7. Anestesiar a los animales con isoflurano gaseoso 4-5% para inducir anestesia y 1,2% durante toda la cirugía con 0,5-1 L/min de oxígeno puro. La cirugía comienza solo después de que el animal haya alcanzado un punto de anestesia profunda, evaluado por la ausencia de retirada de la pata después de un ligero pellizco.
   1. Controle continuamente la frecuencia respiratoria y la temperatura del animal. Mantenga la temperatura corporal mediante una almohadilla térmica a 34 °C.
8. Aplicar una pomada oftálmica. Elimina el vello del cuero cabelludo con un trímero y crema depilatoria. Limpie el cuero cabelludo con hisopos de algodón que tengan 8% de povidona yodada (ver Tabla de materiales) y 70% de etanol alternados tres veces cada uno.
9. Coloque el ratón en el aparato estereotáxico y asegure la cabeza, asegurando que el cráneo esté nivelado en los ejes mediolateral y anterior-posterior.
10. Haga una incisión de 1 cm con un bisturí a través del cuero cabelludo a nivel de los ojos a lo largo del eje sagital. Retraiga la piel para exponer el cráneo y limpie el periostio con hisopos de algodón.
11. Limpie la superficie del cráneo con solución salina e hisopos de algodón estériles. Resuelva cualquier sangrado en la superficie utilizando lanzas oculares absorbentes estériles (consulte la Tabla de materiales) o material absorbente estéril similar.
12. Aplica una gota de peróxido de hidrógeno al 2,5% con un hisopo de algodón y deja que actúe durante unos segundos para que las suturas del cráneo sean visibles y tengan una mejor referencia. Después de unos segundos, limpie a fondo con un hisopo de algodón limpio.
13. Con la pipeta de vidrio (15 μm de diámetro de punta final), localice bregma y lambda para comprobar que el cráneo está nivelado en el eje anterior-posterior.
    NOTA: Se recomienda tener un microscopio estereoscópico o un microscopio USB para ver la punta de la pipeta de vidrio.
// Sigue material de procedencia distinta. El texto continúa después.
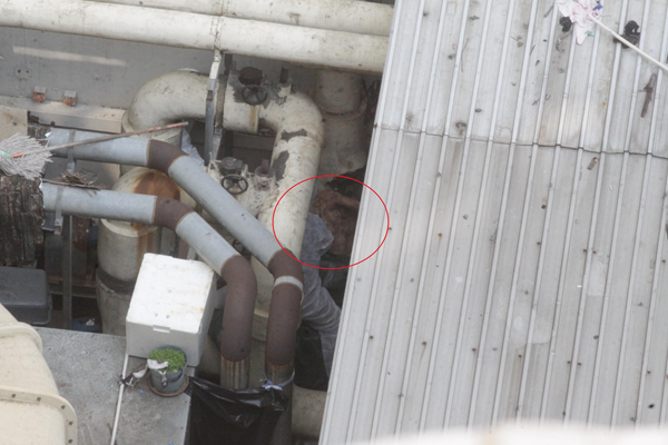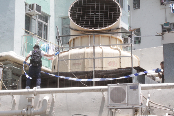 昨日上午10時許,上址有工人報警指,發現一具赤裸屍體,警方接報大為緊張,逾8輛衝鋒車趕抵到場調查,警員在酒樓平台上一組冷氣機通風槽的明渠下,尋獲該具女屍,遂將酒樓及平台封鎖,稍後在距伏屍位置約20呎外地上,再發現大灘血漬,不排除為女死者流下的血漬。
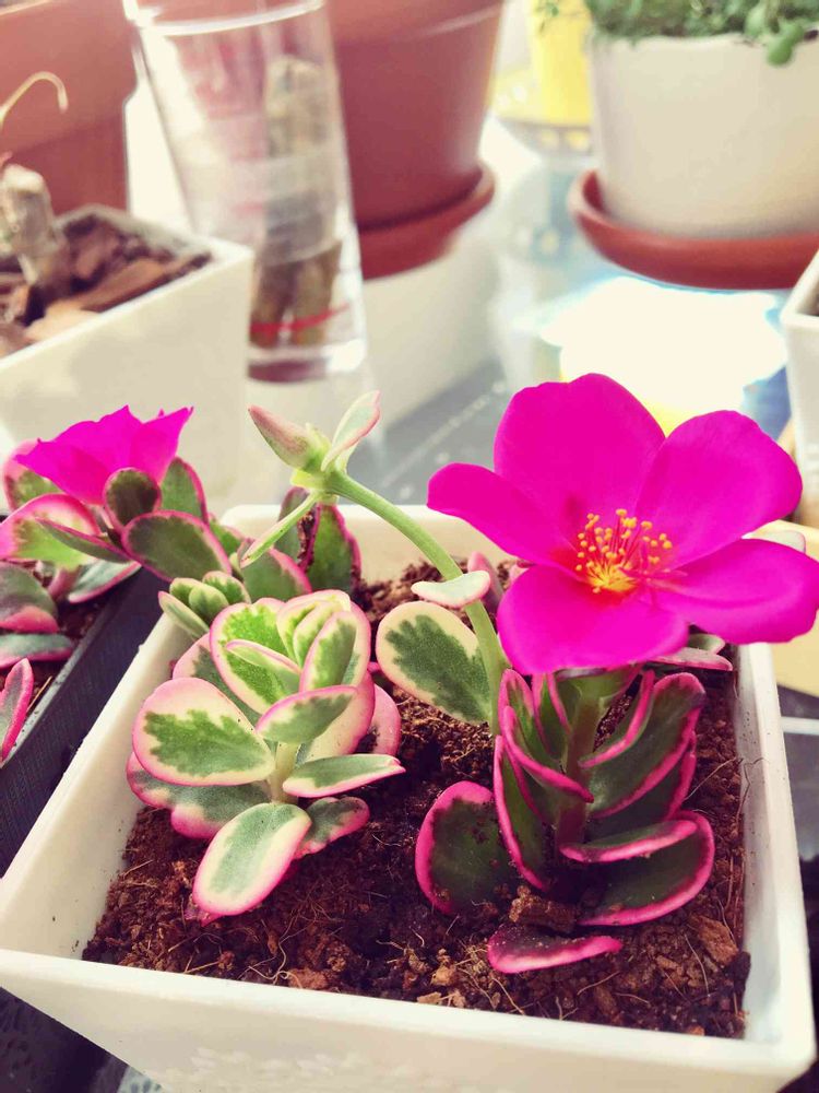 挿し芽していたポーチュラカマジカルキューティーが花咲いて🌸たぁ〜✨
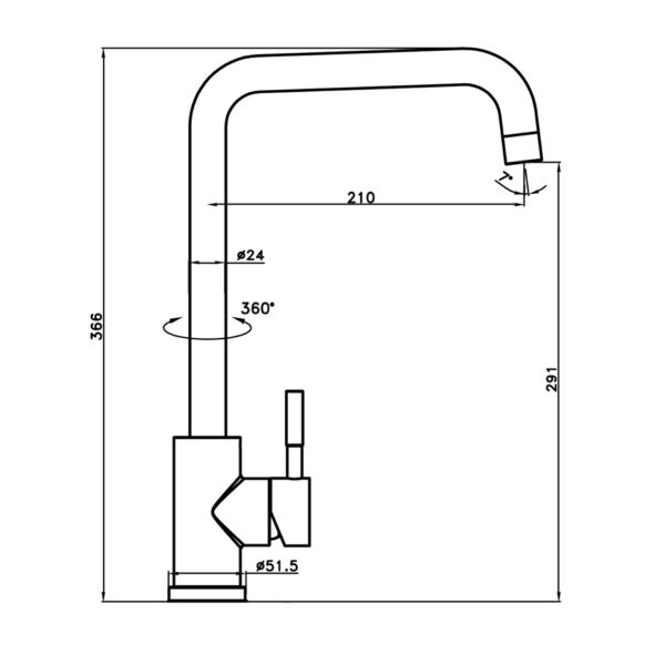 El grifo monomando de cocina Noah negro mate cuenta con las siguientes características técnicas:
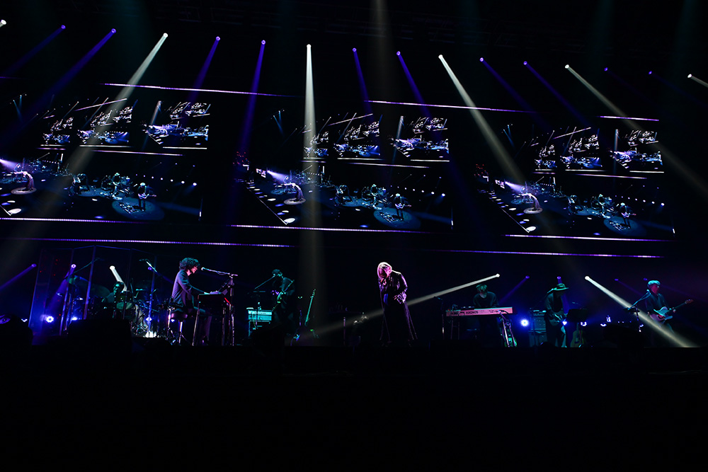 「魂の色は何色ですか」のフレーズも印象的なサビでは客席は無数のペンライトに照らされ、一気に熱が上がる。そこから一転、2曲目には静寂の中、ピアノのイントロから始まる TV アニメ「シャングリラ・フロンティア」エンディングテーマ『ガジュマル~Heaven in the Rain~』が歌い上げられた。

En caso de que sea necesario, ajuste la altura del soporte bucal para nivelar el cráneo.
14. Mueva el capilar hacia las coordenadas anterior-posterior (AP) y medial-lateral (ML) seleccionadas (EStriado dorsolateral AP 1,2 mm, ML 2,28 mm). Pinte un punto de referencia en el cuero cabelludo por encima de las coordenadas seleccionadas con un marcador estéril.
15. En el punto de referencia, realice una craneotomía de ~ 1 mm de diámetro aplicando una presión suave al cráneo con una herramienta rotativa estéril o un taladro dental a una velocidad baja a media con una broca dental redonda pequeña (consulte la Tabla de materiales).
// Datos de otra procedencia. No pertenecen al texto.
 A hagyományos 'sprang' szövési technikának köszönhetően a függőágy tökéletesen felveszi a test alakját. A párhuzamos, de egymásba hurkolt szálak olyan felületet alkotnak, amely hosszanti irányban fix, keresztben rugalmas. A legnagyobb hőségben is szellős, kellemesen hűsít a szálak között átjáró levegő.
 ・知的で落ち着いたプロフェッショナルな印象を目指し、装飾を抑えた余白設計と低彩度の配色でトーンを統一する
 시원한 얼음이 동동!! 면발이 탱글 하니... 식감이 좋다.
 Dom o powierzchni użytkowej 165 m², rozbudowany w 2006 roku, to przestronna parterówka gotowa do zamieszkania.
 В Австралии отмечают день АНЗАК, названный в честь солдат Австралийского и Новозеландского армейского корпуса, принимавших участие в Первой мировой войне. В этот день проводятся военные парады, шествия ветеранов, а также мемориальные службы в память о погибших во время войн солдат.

16. Cargue el capilar con 300-400 nL de virus adenoasociados dependientes de Cre (AAV) como AAV1-dflox-hChR-2-mCherry para expresar channelrodopsina o un AAV para expresar solo la proteína reportera (por ejemplo, mCherry) como control en la región de interés (ver Tabla de materiales). Verifique que la punta no esté obstruida, luego introduzca la pipeta de vidrio en el cerebro en las coordenadas dorso-ventrales (DV) deseadas (estriado dorsolateral DV -3.35 mm).
    1. Inyecte 200 nL utilizando un inyector automático a una velocidad de 23 nL/s. Espere 10 minutos después de terminar la inyección, retire la pipeta de vidrio lentamente para evitar derrames.
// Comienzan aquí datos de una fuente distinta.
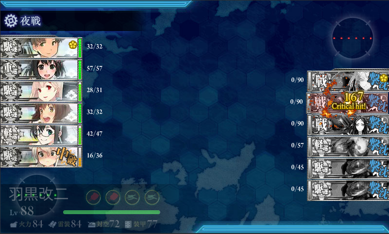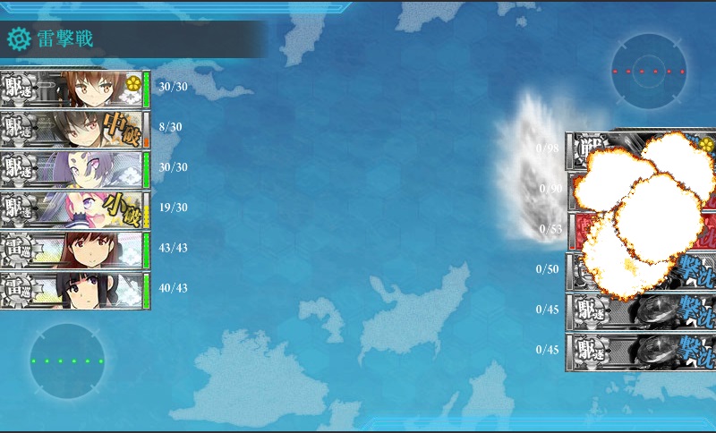 まあ、ボス戦に必ず戦艦がいるので、ボスに辿り着きさえすれば電巡2隻だけでもS勝利が取れるはずなので、駆逐艦の皆様は1戦目で大破しなければそれでOKです^^;
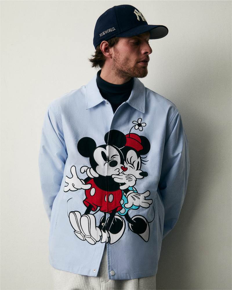 - While the collection on the whole has something for every fan, there are some standout pieces. The Wool Varsity Jacket is crafted of premium wool blended fabric, with Nappa leather sleeves & a diamond-quilted satin lining—and features all-over custom leather applique Mickey Mouse artwork at the front and back.
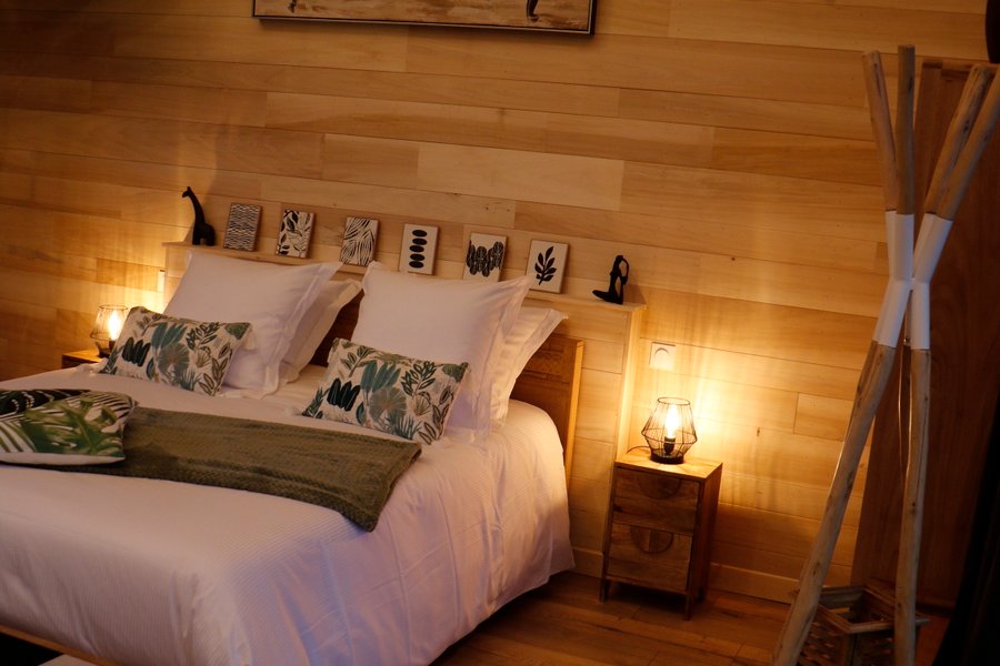 Plongez dans une atmosphère tropicale inspirée de la jungle indonésienne, avec une décoration verdoyante mettant en scène des perroquets, des bananiers et un mobilier en bois clair, créant ainsi une ambiance naturelle et zen.Cette cabane lodge offre un cadre chaleureux et confortable,……
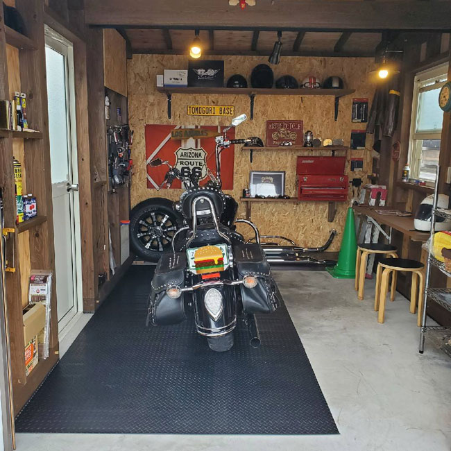 バイクガレージ マット設置の事例写真
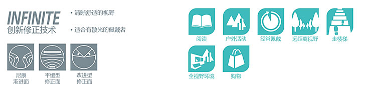 Nikon INFINITE系列产品之一的Presio Advance渐进多焦点镜片,在平缓型修正面基础上,通过高密度的优化点,优化球光和散光,拓宽看远视野。使视野清晰舒适。
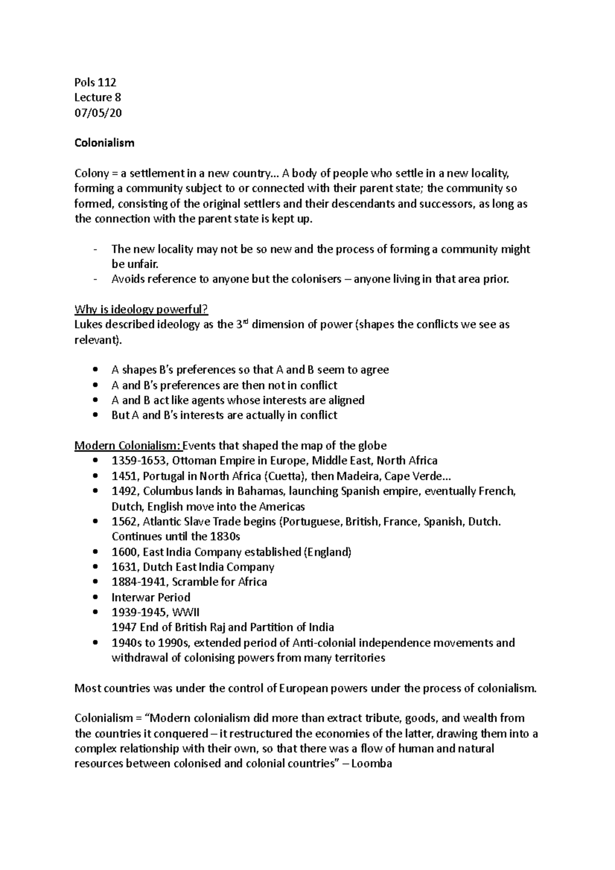 Govt1621 l8 - lecture 8 notes - What is colonialism? Refers ...
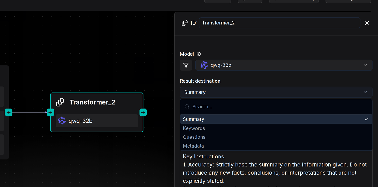 接下来,将 Transformer 节点的大模型切换至所需的模型,并将 “Result destination” 字段设置为 “Metadata” 。此配置意味着大模型对文本块的加工结果(如摘要)将直接存入文件的元数据中,为后续的精准检索与过滤提供能力支持。

       NOTA: Es posible utilizar una aguja de 30 G para inyectar con el microinyector adecuado.
17. Limpie y seque cualquier residuo con hisopos de algodón.
18. Conecte la cánula LED de vidrio estéril al brazo estereotáxico y calibre las coordenadas utilizando bregma como referencia. Inserte la cánula muy lentamente (300 μm/min) para evitar daños en los tejidos y colóquela a 100 μm por encima del lugar de la inyección.
19. Una vez que la cánula LED esté en su lugar, agregue una gota (100 μL) de adhesivo tisular en el borde de la craneotomía.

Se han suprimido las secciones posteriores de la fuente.